A well-told story, but readers’ sympathy for the central character will wane somewhat due to her abundant good looks, charm,...

A young Mennonite girl’s life turns upside down when a painful family secret is revealed in Thomas’ (A Weekend with Frances, 2016, etc.) novel.

Victoria Grace Unruh, born in 1960 to middle-aged parents, is the youngest of four children in a Mennonite family living in Indiana. She barely knows her two older brothers; her older sister, Lucinda, nicknamed “Lucy,” is an unpredictable “red-headed bundle of turbulence.” Her father, Herman, a rural mailman, isn’t very bright but is “everything I ever needed him to be,” says Victoria. His kind, compassionate qualities endear him to all—except his wrathful, rigid wife. Ada, Victoria’s mother, devotes herself to the Mennonite Women’s Fellowship, but at home, she’s sharp-edged and unloving. As Victoria grows up as a Mennonite amid the loosening social strictures of the 1960s, she argues with her mother over boys (Ada believes that all men are loathsome) and sometimes feels the difference between herself and non-Mennonite kids. But her life is mostly pleasant, consisting of church, singing, good grades, and cute boyfriends at her private high school. Her peaceful stability explodes, however, when Lucy develops paranoid schizophrenia. During an angry rant, Lucy tells teenage Victoria a shameful secret, causing the younger girl to re-evaluate all she knows about herself. Although the main story is Victoria’s, Thomas gives the novel depth with flashbacks to the parents’ early lives, courtship, and marriage—an unromantic but moving saga of disappointment and lowered expectations. Herman emerges as a figure of great emotional intelligence whose humble self-criticism (“I’m just an old bumble-head”) is heartbreaking.
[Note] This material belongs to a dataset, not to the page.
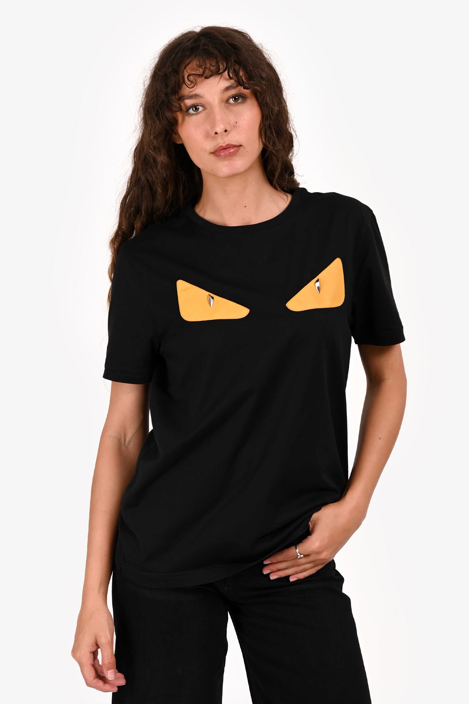 Refresh availabilityFendi Black/Yellow Leather Monster T-Shirt. Crew neckline. Short sleeves. Tonal stitching.

With self-denying nobility, Herman frames the aforementioned secret in a way that allows Victoria to feel blessed by God. It’s problematic, though, that Victoria is already such a paragon: “You’re a winner. You’re a star….You’re extraordinary,” says Victoria’s best friend, Judy Prentiss; “Everything’s always been so easy for you….You’re so smart and so pretty,” says Lucy. As a result, the suffering of those in Victoria’s orbit is more compelling than her own, as it’s deeper, harder to fix, and more heart-wrenching.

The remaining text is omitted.